In a statement released today, Hamilton praised the hard work and dedication of all the University’s staff, and acknowledged that the extent of disparity in pay between certain staff members was not actually justified by their differing job roles. “It turns out that, on reflection, my job isn’t 30 times harder than anyone else’s, so I’ve come to the conclusion that I probably don’t deserve 30 times the pay-package,” he said.

“Furthermore, it’s getting harder and harder, as my salary gets bigger and bigger, to maintain that the University’s finances are in a terrible predicament, and that the only way to rescue them is to raise tuition fees to £16,000. Hopefully now that I’ve taken a pay-cut my campaigning in that area will seem a little less monstrously hypocritical.”

When asked what inspired this move, Hamilton credited pressure from the student campaign against his pay-package, but attributed his ultimate decision to actually act on this pressure to an anonymous undergraduate who attended one of his termly breakfasts. “I set these breakfast meetings up,” said Hamilton, “to take the pulse of the ordinary undergraduate student. One such ordinary student pointed out that I earned over 20 times what his mother, a primary school teacher, earns, and that whilst her day involved seven hours in the classroom and an evening of marking homework, mine involved breakfast, coffee with the master of Christ Church, lunch with a benefactor of the University, afternoon tea with an old school friend, and formal hall at St. John’s. Of course, this is a long and gruelling day by any standards, but I could see his point that it was not quite 20 times as gruelling as his mother’s work day.”
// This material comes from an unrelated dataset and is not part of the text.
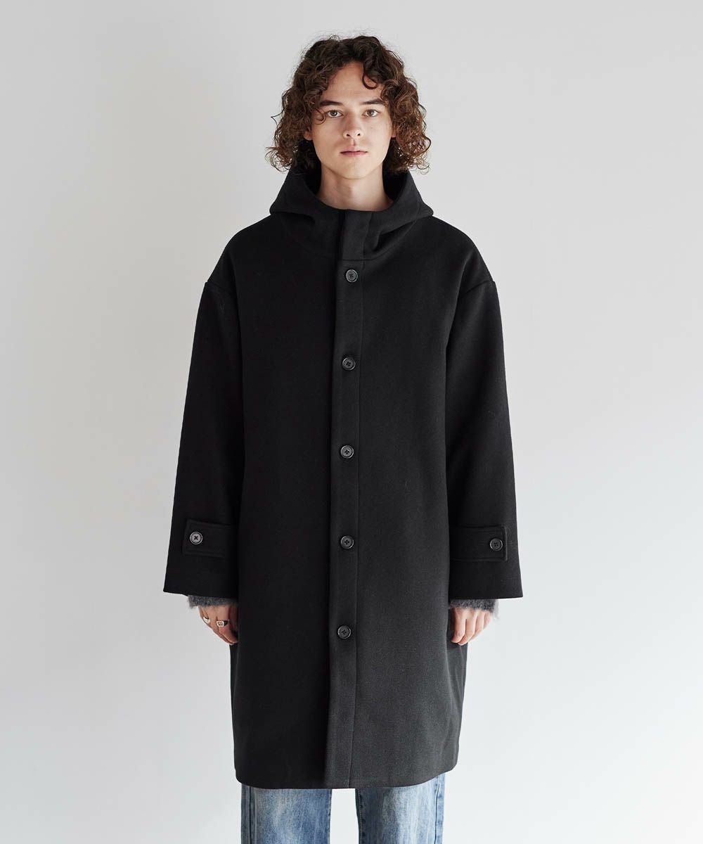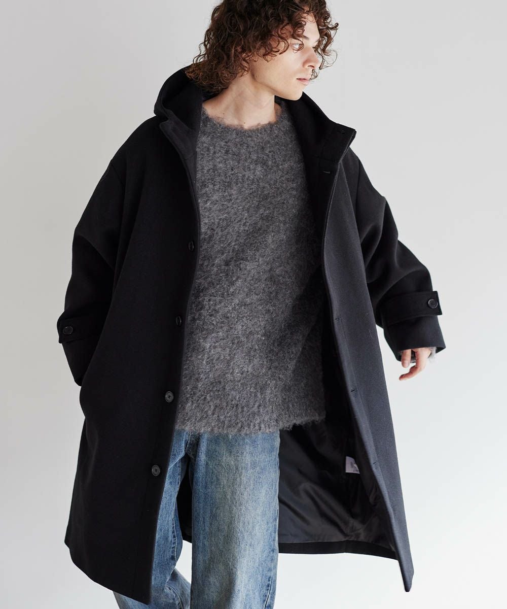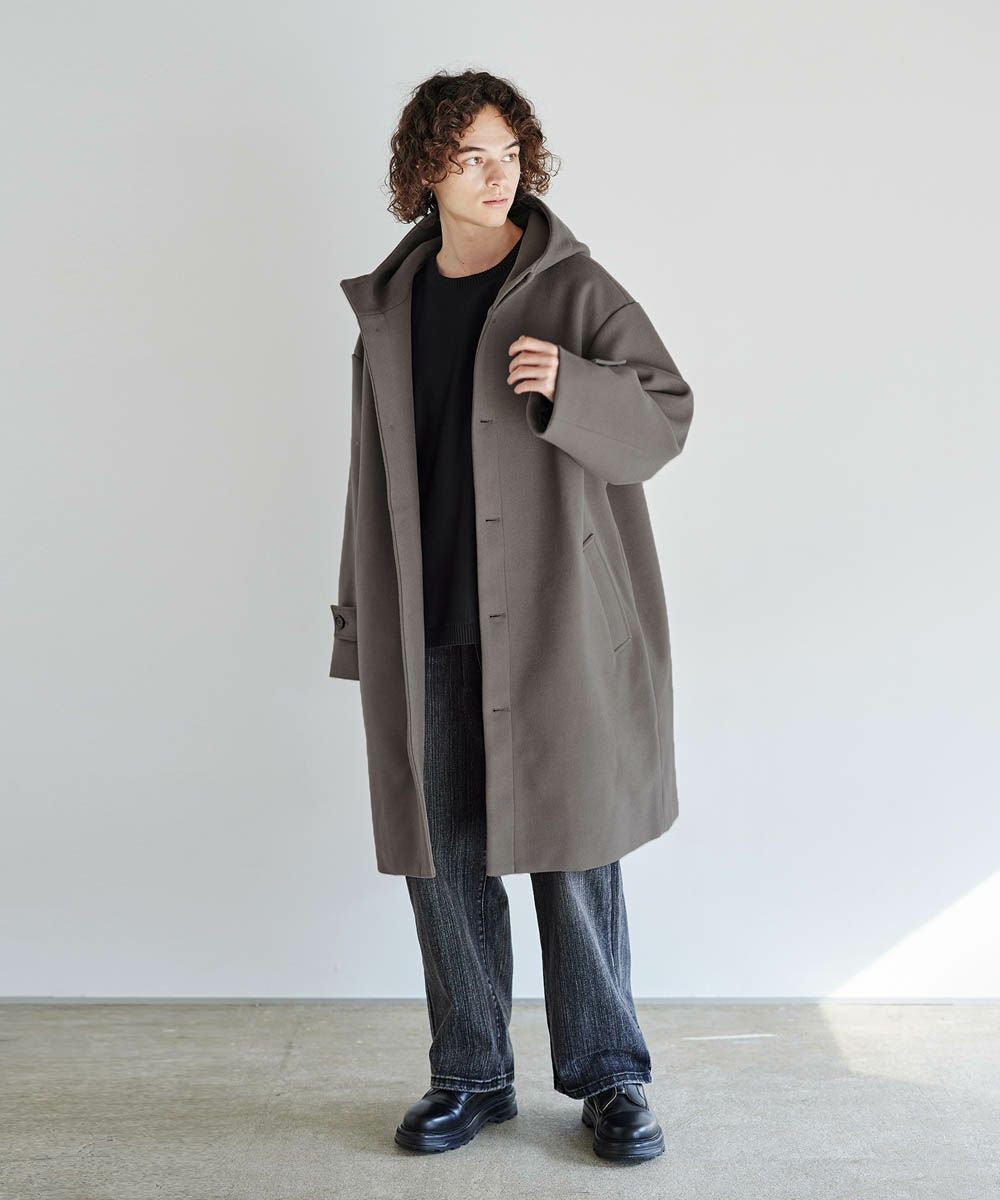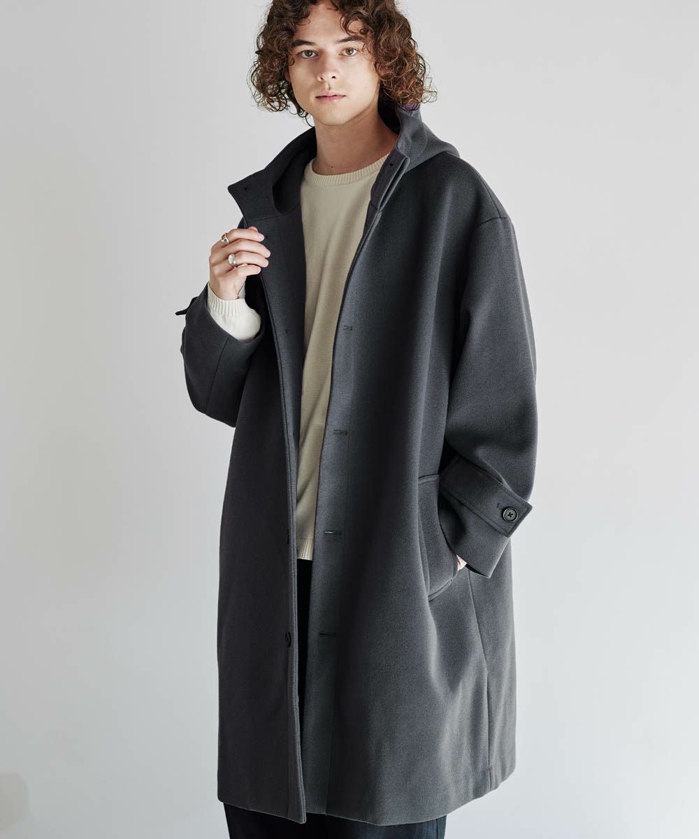 メルトン生地で仕立てた、キレイめカジュアルに着回しが楽しめるフーデッドコート。

“Another student made the interesting point that the Prime Minister earns only £142,0000 – nearly three time less than the Vice-Chancellor of Oxford – and that holding ultimate responsibility for the welfare of British citizens versus a handful of students should be reflected to a certain extent by your pay-packet. From that moment onward I resolved to take a realistic look at my salary and how I could really show that I am one of you, that I am one of the people. Leszek Borysiewicz, the Vice-Chancellor of Cambridge University, or ‘the dirty Tabs’ as I’ve heard them affectionately called by students, still earns in the ball park of £334,000, so I think it shows Oxford’s progressive nature that I will be making changes first.”

The University confirmed to The OxStew today that the £375,000 a year that would have gone on Mr. Hamilton’s salary is to be put in a hardship fund for staff and students. The fund, to be named ‘The Hamilton Big Thank You Fund’, will give small emergency grants to anyone within the University suffering from unexpected financial hardship. “Although this fund will make only a small difference to people’s lives,” Hamilton acknowledged, “I think it adds something to the symbolic gesture that I’m making. I care about the University as a beacon of learning and education, not as a money-making machine and I want my salary to reflect that.”

When asked if he had considered making the University of Oxford an accredited Living Wage employer, thus perhaps alleviating the need for such hardship funds, the Vice-Chancellor declined to comment.